With this configuration: - Workers arriving from MTurk are automatically logged in using their workerId - Workers previewing the HIT see a preview page prompting them to accept - When workers complete all tasks, they see a completion page with a "Submit HIT to MTurk" button

URL Parameters

When workers click your HIT on MTurk, they arrive at a URL like:

https://your-server:8080/?workerId=A1B2C3D4E5&assignmentId=xyz123&hitId=abc456&turkSubmitTo=https://www.mturk.com/mturk/externalSubmit

Potato automatically captures these MTurk parameters:

Parameter	Description
`workerId`	Worker's unique MTurk ID (used as username)
`assignmentId`	Unique ID for this worker-HIT assignment
`hitId`	The HIT identifier
`turkSubmitTo`	URL where the form should be submitted on completion

HIT Preview Mode

When assignmentId equals ASSIGNMENT_ID_NOT_AVAILABLE, the worker is previewing the HIT (hasn't accepted it yet). Potato displays a preview page explaining that they need to accept the HIT to begin working.

Completion Flow

When workers complete the task, they see a completion page with: - A "Submit HIT to MTurk" button that POSTs to the turkSubmitTo URL - The completion code (if configured) displayed for reference - The assignmentId is automatically included in the form submission

Setting Up Your External Question HIT

To use Potato with MTurk, you need to create an External Question HIT. Use this XML format:

<?xml version="1.0" encoding="UTF-8"?>
<ExternalQuestion xmlns="http://mechanicalturk.amazonaws.com/AWSMechanicalTurkDataSchemas/2006-07-14/ExternalQuestion.xsd">
  <ExternalURL>https://your-server:8080/?workerId=${workerId}&amp;assignmentId=${assignmentId}&amp;hitId=${hitId}&amp;turkSubmitTo=${turkSubmitTo}</ExternalURL>
  <FrameHeight>800</FrameHeight>
</ExternalQuestion>

MTurk automatically substitutes the placeholder variables (${workerId}, etc.) with actual values.

Full MTurk Configuration Example

Here's a complete configuration for an MTurk study:

# Task identification
annotation_task_name: "Text Classification Task"
task_description: "Classify the sentiment of short texts."

# MTurk login settings
login:
  type: url_direct
  url_argument: workerId

# Optional completion code
completion_code: "TASK_COMPLETE"

# Hide navigation to prevent workers from skipping
hide_navbar: true
jumping_to_id_disabled: true

# Automatic task assignment for crowdsourcing
assignment_strategy: random
max_annotations_per_user: 10
max_annotations_per_item: 3

# Data files
data_files:
  - data/items.json

# Output
output_annotation_dir: annotation_output/

Sandbox vs Production

MTurk provides a sandbox environment for testing.
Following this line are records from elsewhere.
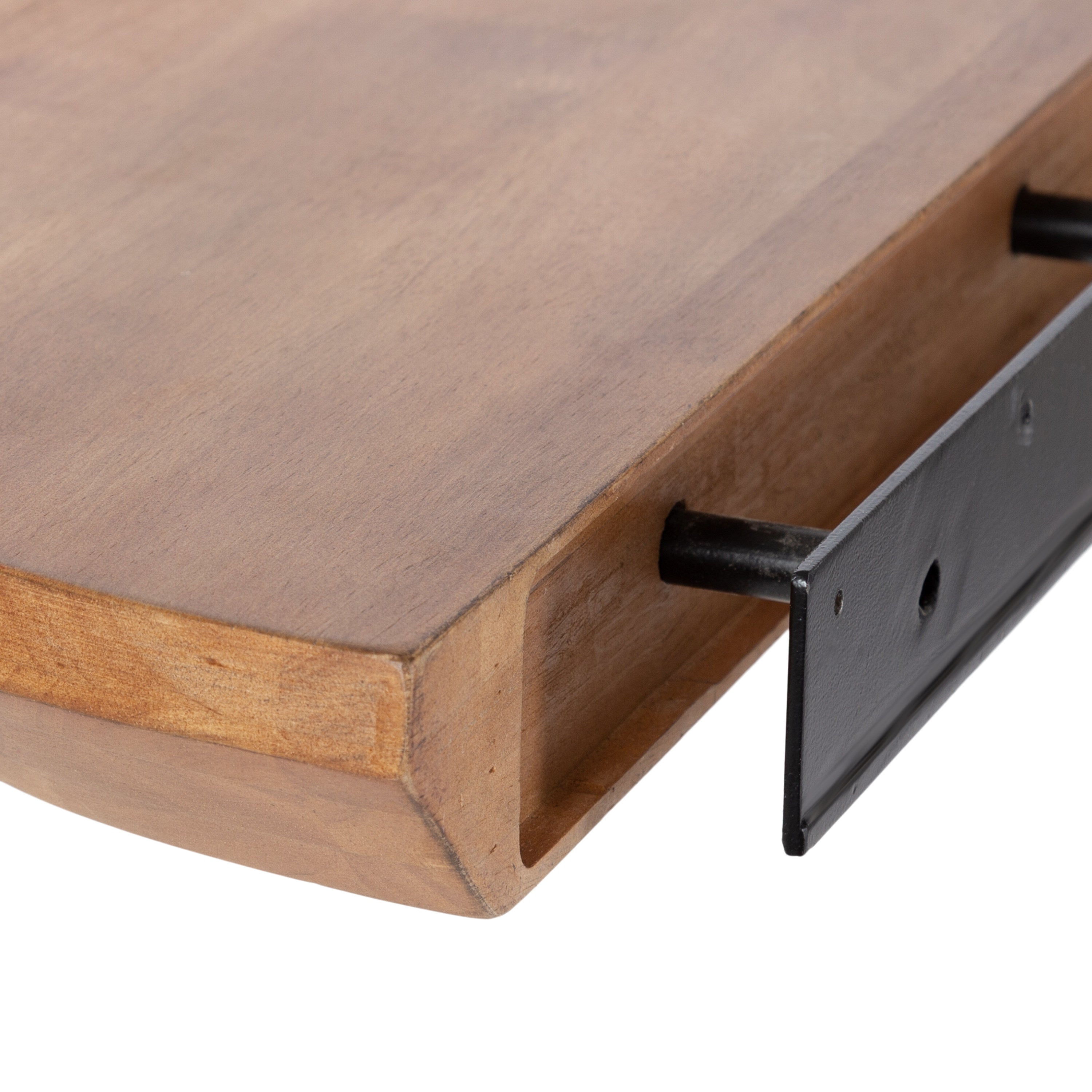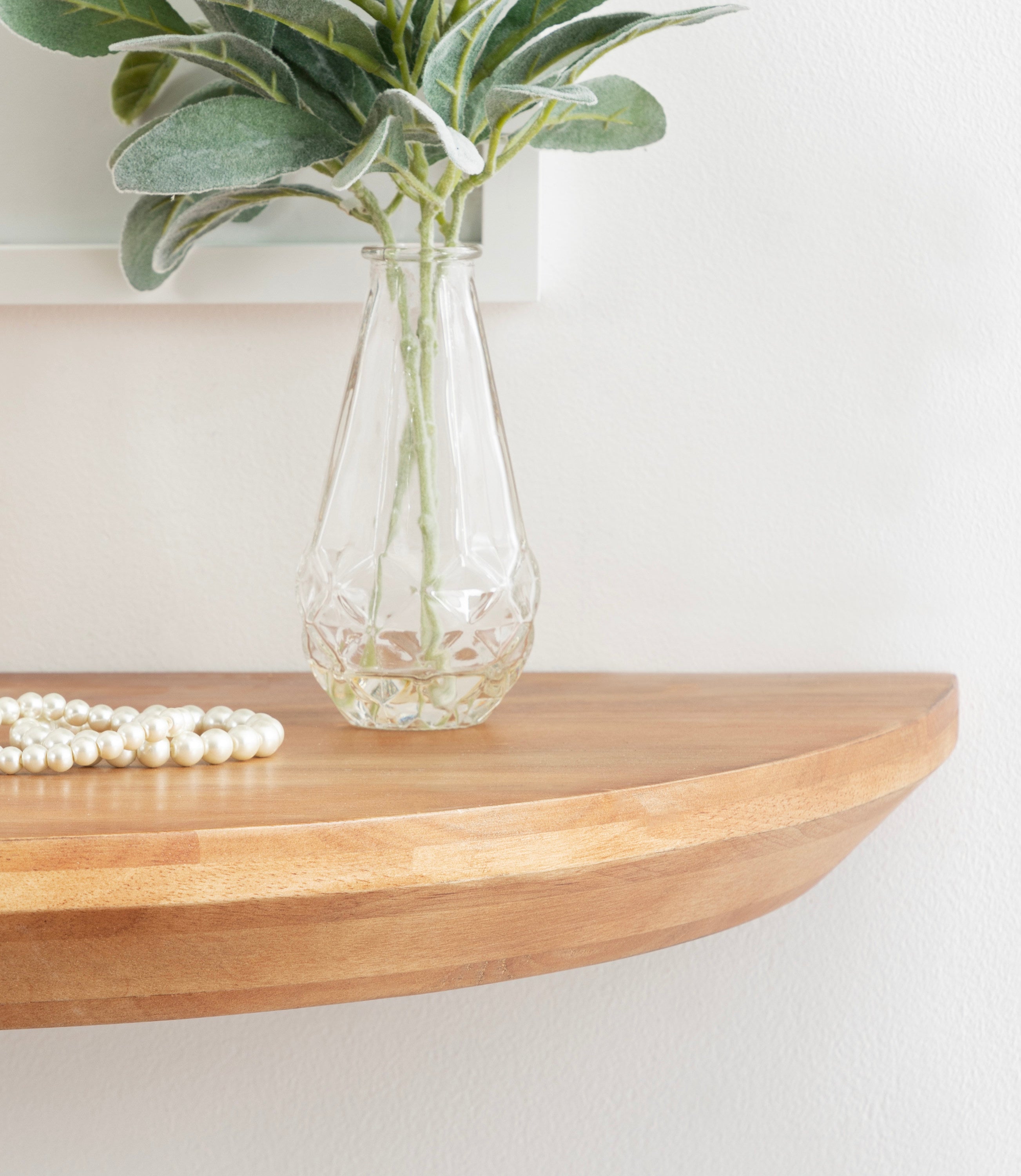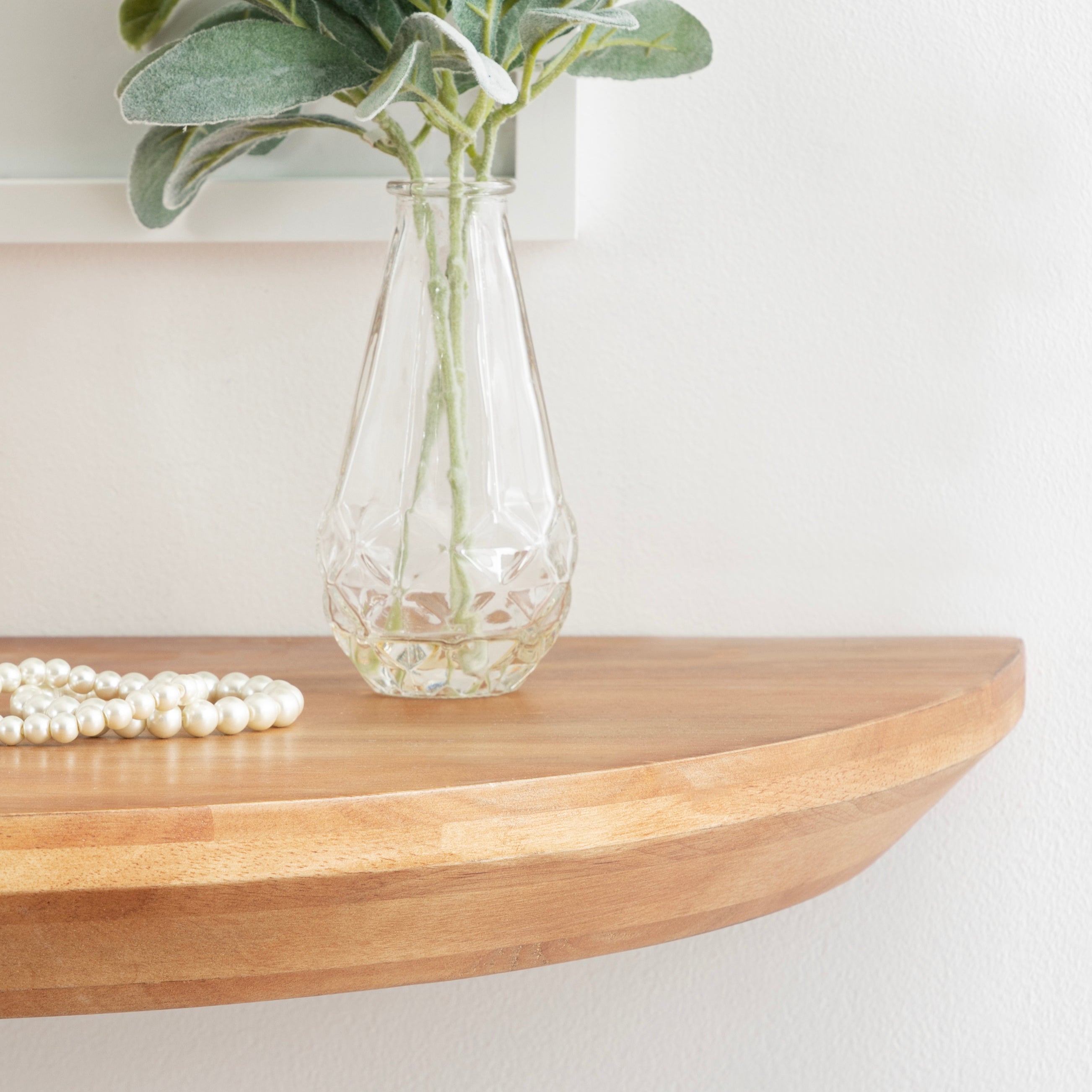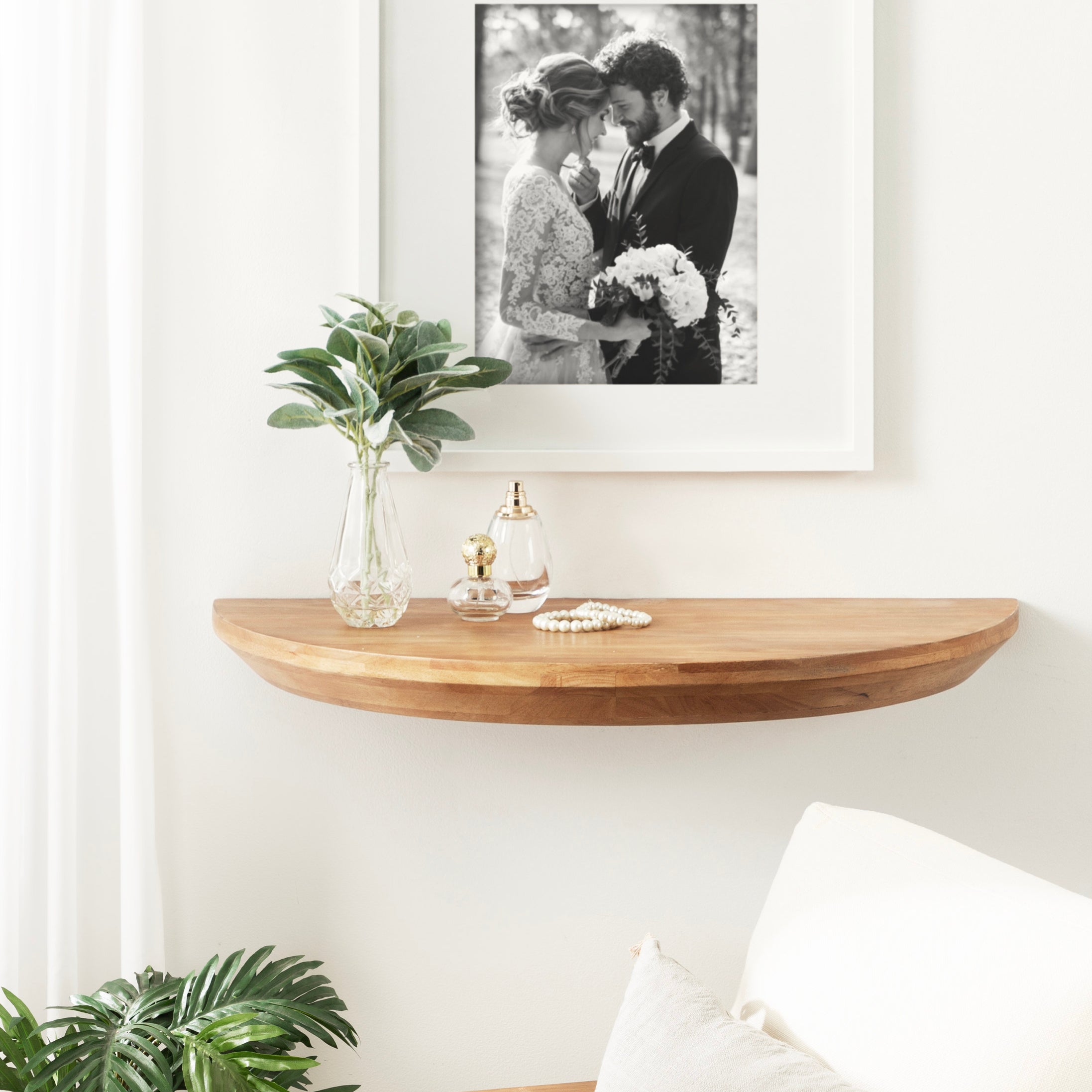 The Colter floating wood table shelf brings a transitional design with a modern twist to any room. This lovely floating console table shelf is crafted from solid wood, giving your space a flattering woodgrain to showcase. The floating design is perfect for saving floor space, while the size makes it fit well as bathroom decor or next to a bed, sofa, or entryway. This charming, simple design is great for displaying your favorite decorative elements like a plant or flameless candles.
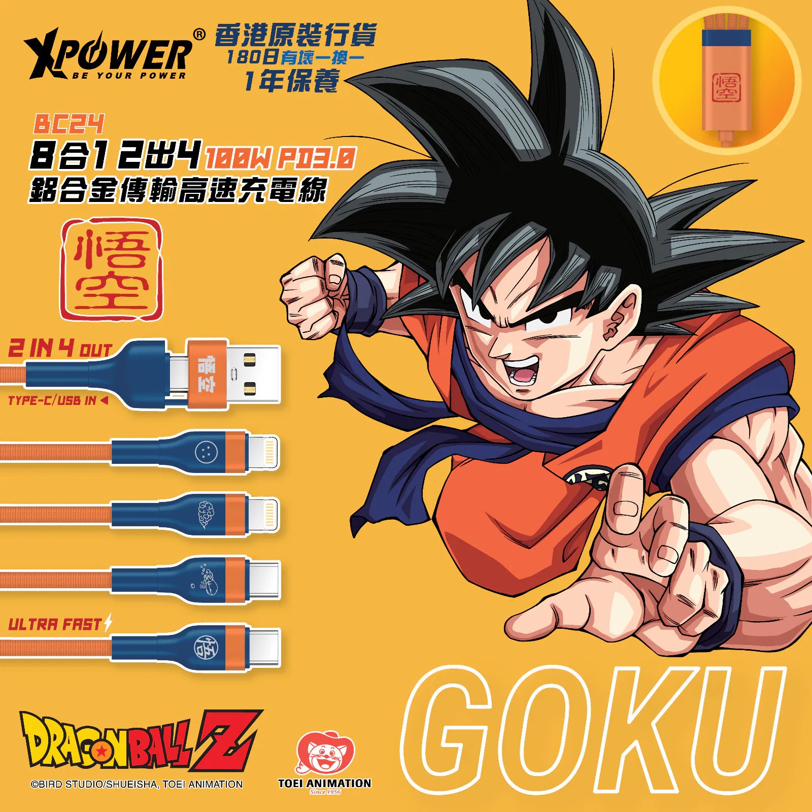 XPower x 龍珠Z BC24 8合1 2出4 100W PD3.0鋁合金傳輸高速充電線
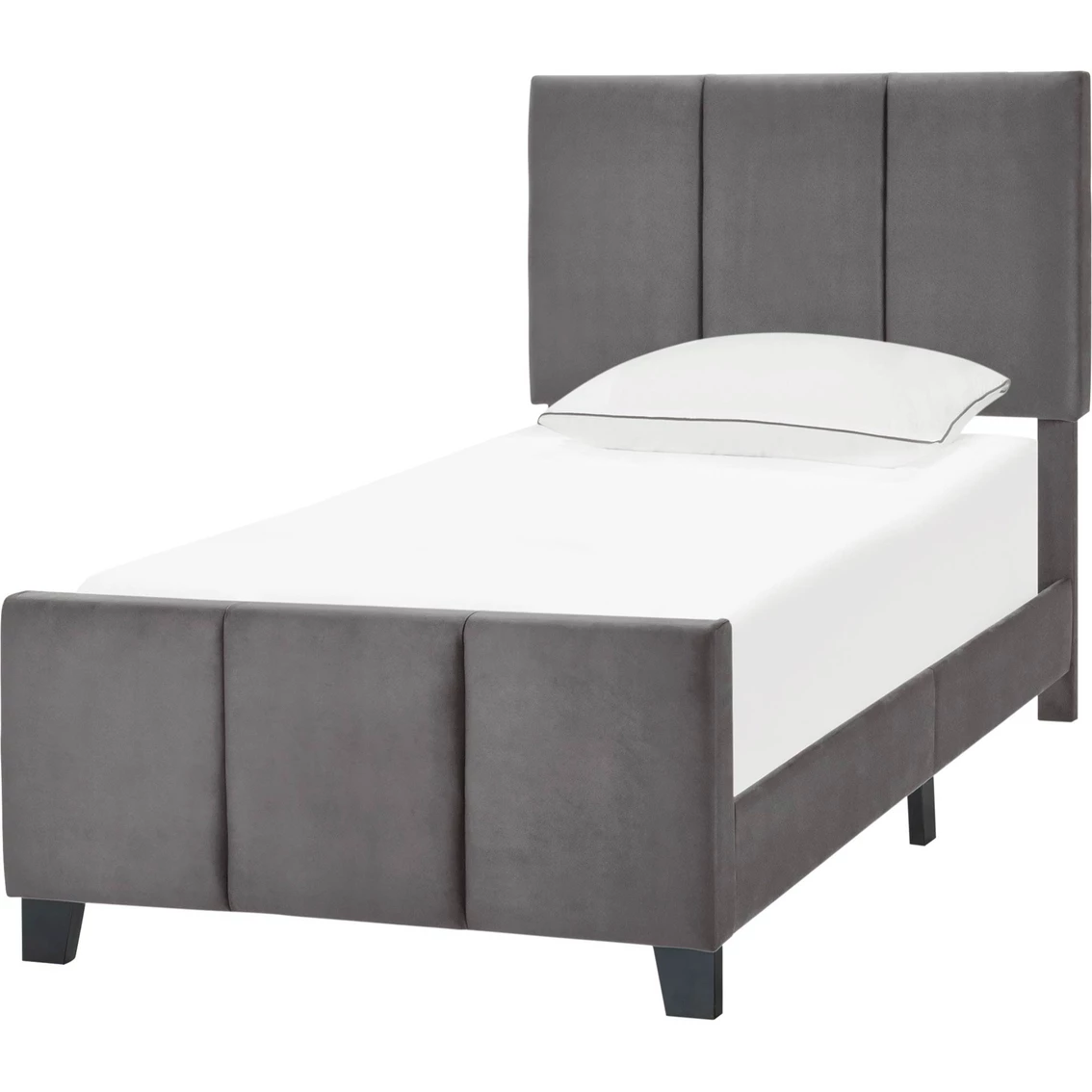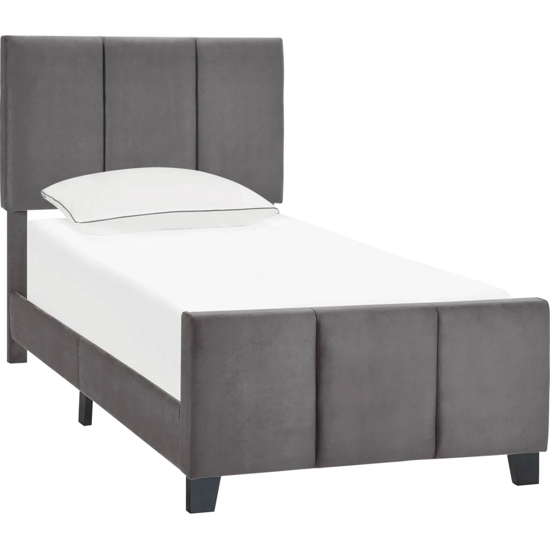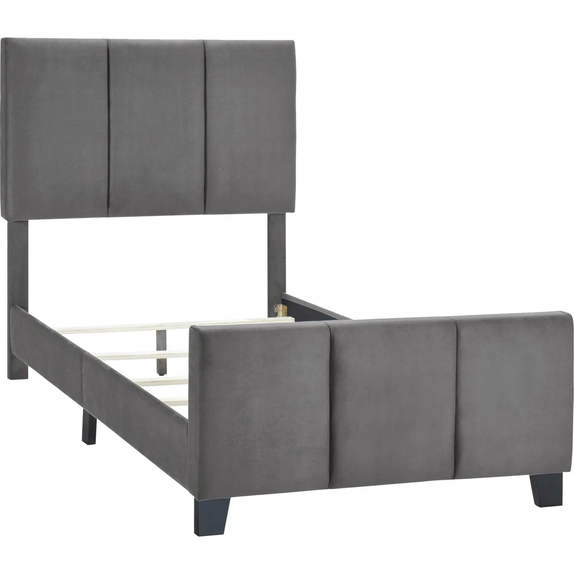 With its transitional silhouette and modern channeling, this upholstered bed from Accentrics Home fits seamlessly into a wide variety of bedroom decors. A sophisticated flannel gray velvet fabric will pull together any modern and contemporary style. This stylish bed requires a box spring, which added height elevates the look. Model: DS-D400-290-2.
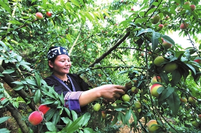 游客的增多,不仅带来了农家乐的蓬勃发展,还带动了屯里农产品的销售。潘福章对此感受颇深,“以前没有搞旅游,我们的鸡、鸭、鱼、水果的价钱不高也不好卖,经常都是留给自己吃。”以前禾花鲤卖几元钱一斤,现在一斤可以卖到30元至35元。此外,村里的千亩桃园因每年都吸引大量的游客来观光体验而成为“增收大户”,“今年每亩桃子产量有2000斤左右,扣除成本,每亩纯收入有2000元左右。有的村民种了10多亩桃树,一年就能增收2万多元。”潘福章感慨,桃园真是好,开花结果都有收入。
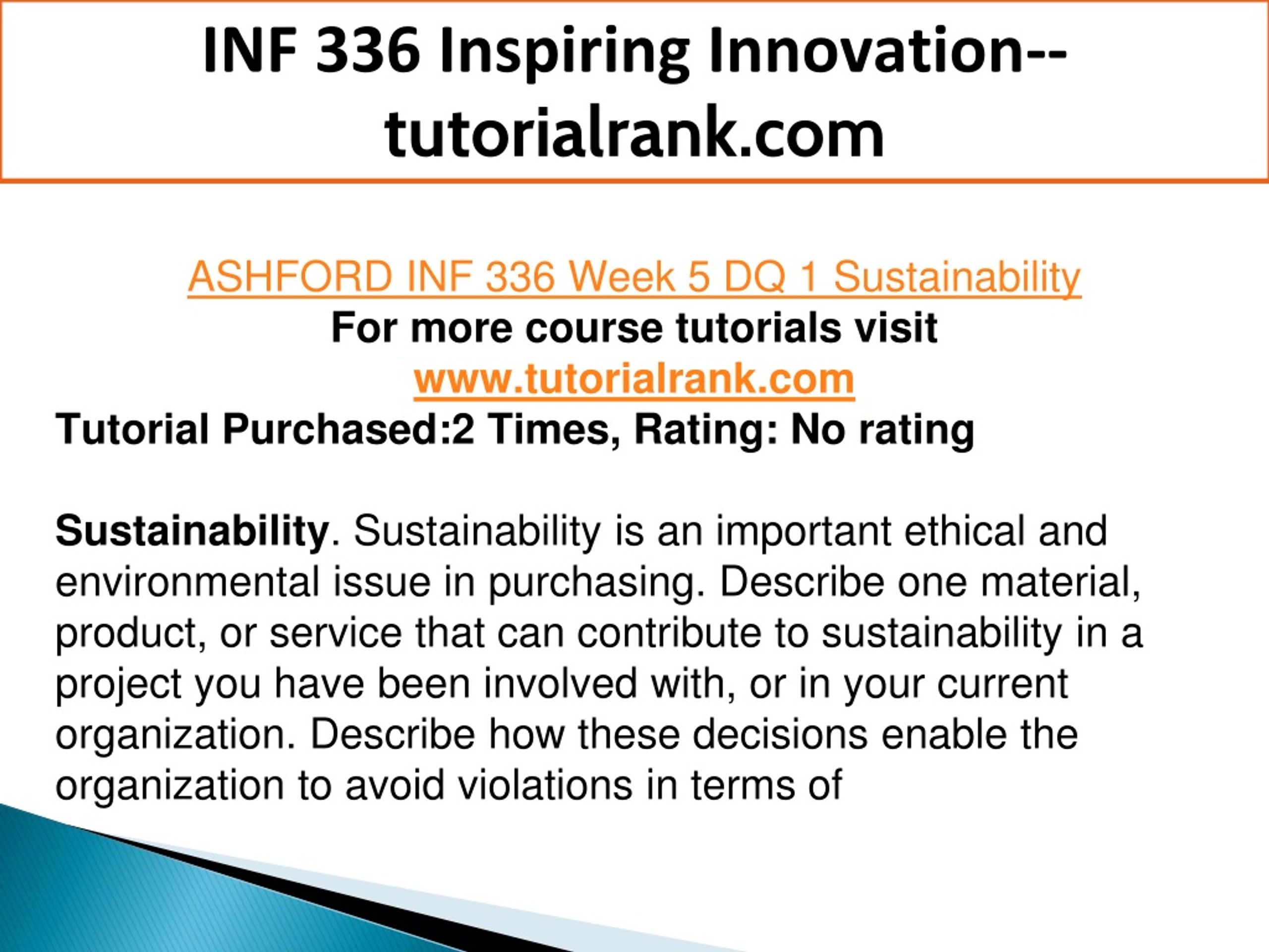 INF 336 Inspiring Innovation-- tutorialrank.com ASHFORD INF 336 Week 5 DQ 1 Sustainability For more course tutorials visit www.tutorialrank.com Tutorial Purchased:2 Times, Rating: No rating Sustainability. Sustainability is an important ethical and environmental issue in purchasing. Describe one material, product, or service that can contribute to sustainability in a project you have been involved with, or in your current organization. Describe how these decisions enable the organization to avoid violations in terms of
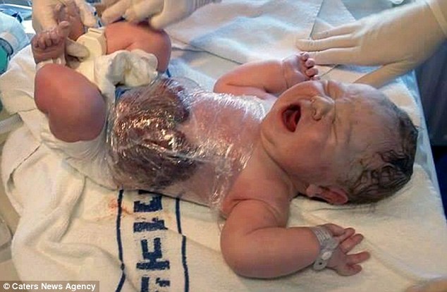 Doctors were forced to wrap Jack Hearne in kitchen cling film, in seconds after he was delivered naturally, to stop the chance of infection and keep his organs close to his body, in a desperate attempt to save his life.
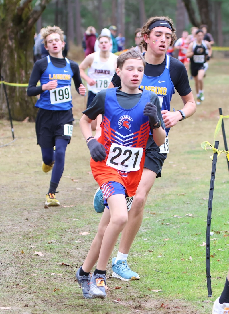 Jameson Duggan was 10th for the boys in 18:55.60. Jeremiah Hubschmitt was 47th in 21:25 and Grayson Margeson was 55th in 22:56.40. Carter Smith was 58th in 23:16.90 and Jaxon Brewster was 63rd in 24:57.20. Shawn Kelly was 69th in 27:35.90.
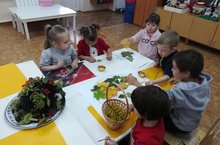 Коллективная работа в средней группе по художественно - эстетическому воспитанию на тему "Корзина для ежика"

The endpoints are:

Environment	Worker Site	Submit URL
Sandbox	workersandbox.mturk.com	https://workersandbox.mturk.com/mturk/externalSubmit
Production	www.mturk.com	https://www.mturk.com/mturk/externalSubmit

For testing: 1. Create HITs on the sandbox requester site 2. Access as a worker on the sandbox worker site 3. The turkSubmitTo parameter will automatically point to the sandbox

Advanced: MTurk API Integration

For larger studies, Potato can integrate with the MTurk API via boto3 to automatically manage your HIT:

List and monitor assignments
Auto-approve completed assignments
Track worker status

Setup MTurk API

Install boto3:

pip install boto3

Get AWS credentials with MTurk permissions from your AWS account
Create an MTurk config file (configs/mturk_config.yaml):

aws_access_key_id: "YOUR_AWS_ACCESS_KEY"
aws_secret_access_key: "YOUR_AWS_SECRET_KEY"
sandbox: true  # Set to false for production
hit_id: "YOUR_HIT_ID"  # Optional: for tracking/auto-approval

Reference it in your main config:

login:
  type: url_direct
  url_argument: workerId

mturk:
  enabled: true
  config_file_path: configs/mturk_config.yaml

Security Note: Never commit AWS credentials to version control. Use environment variables or AWS credential files in production.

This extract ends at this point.